These experiences are a reminder that when it comes to seasonal produce, timing is everything.

Summer-hued batik textiles

Dressing for the Season

Summer comfort is not limited to the table. What touches the body matters as much as what feeds it.

The traditional batik sarong (Pha Pa-The) remains one of the most adaptable garments for the hot season. Wrapped or draped, it shields the body from the blazing sun while allowing the skin to breathe.

Silk, often linekd with formality and ceremony, is also a practical choice in the heat. Cool by day and warm at night, it adjusts to the temperature A light silk shawl can guard against the midday sun, then serve as a wrap in the evening.

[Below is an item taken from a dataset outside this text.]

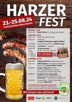 Vom 23. bis 25. August 2024 findet an der Freilichtbühne in Waschleithe das traditionelle „Harzerfest“ statt. Organisiert und durchgeführt wird es, mit Unterstützung der Stadt, von den Waschleither Vereinen. Die Vorbereitungsarbeiten sind in vollem Gange, das Festprogramm steht und der Kartenvorverkauf für den Abend mit den „Ursprung Buam“ läuft. Der Eintritt zum Festgelände ist am gesamten Wochenende frei. Eintrittspflichtig ist nur der Samstagabend. Karten für das Konzert mit den „Ursprung Buam“ sind unter Tel. 0152 08307942 erhältlich.
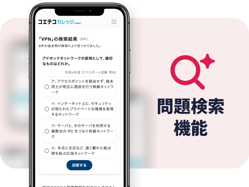 ランダムで全分野の過去問題を解くのはもちろんですが、各カテゴリ(ストラテジ、マネジメント、テクノロジ)の問題数が多いので、苦手なカテゴリを集中して取り組んでいけるところが強いです。 結果的には、コエテコの過去問題だけでITパスポートに合格することができました。 通勤時間に勉強することができる手軽さがとてもありがたかったです。

Southern batik blooms with patterns of the sea, flora and fauna, sashaying easily between traditional and everyday wear.

At master batik designer Thaninthorn Raksawong’s Dahlah Batik in Krabi, visitors can watch the pattern-making unfold firsthand, gaining insight into how each piece is shaped by patience and handiwork.

Cooling the Body, Clearing the Mind

Water is the most obvious answer to heat, with rivers, waterfalls, canals and ocean offering relief across the country.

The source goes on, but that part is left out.